1  Public Static voidGB () {2String str = "Ah AA";3     byte[] ch;4     Try {5ch = str.getbytes ("GB2312");6SYSTEM.OUT.PRINTLN ("ch Length:" +ch.length+ "bytecode:" +Byte2hex (CH));7ch = str.getbytes ("GBK");8SYSTEM.OUT.PRINTLN ("ch Length:" +ch.length+ "bytecode:" +Byte2hex (CH));9}Catch(unsupportedencodingexception e) {Ten         //TODO auto-generated Catch block One e.printstacktrace (); A     } -}

OUTPUT:

CH Length:4 bytecode:b0 A1 61 41
CH Length:4 bytecode:b0 A1 61 41

From the program you can see that GB2312,GBK is not long, the kanji is 2 bytes, the English character is a byte. Because the first bit of the "high byte" representing the Chinese character or graphic symbol is 1, and the ASCII first bit is 0, the ASCII compatibility of both character sets is achieved.

Utf-8/unicode

Iso-8859-1, ASCII, GBK, GB 2312 Character Set analysis

Contact Us

The content source of this page is from Internet, which doesn't represent Alibaba Cloud's opinion; products and services mentioned on that page don't have any relationship with Alibaba Cloud. If the content of the page makes you feel confusing, please write us an email, we will handle the problem within 5 days after receiving your email.

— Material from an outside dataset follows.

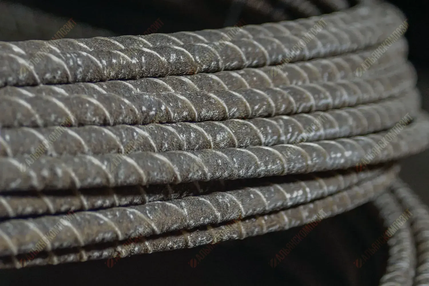 Арматура имеет внешнюю навивку из стекловолокна образуя"ребро" арматуры. Дополнительное внешнее ребро придает стержню периодический профиль, создает анкеровку в бетоне и увеличивает поверхность арматуры, что повышает сцепление стержня с бетоном.

If you find any instances of plagiarism from the community, please send an email to: info-contact@alibabacloud.com and provide relevant evidence. A staff member will contact you within 5 working days.

A Free Trial That Lets You Build Big!

Start building with 50+ products and up to 12 months usage for Elastic Compute Service

  • Sales Support

    1 on 1 presale consultation

  • After-Sales Support

    24/7 Technical Support 6 Free Tickets per Quarter Faster Response

  • Alibaba Cloud offers highly flexible support services tailored to meet your exact needs.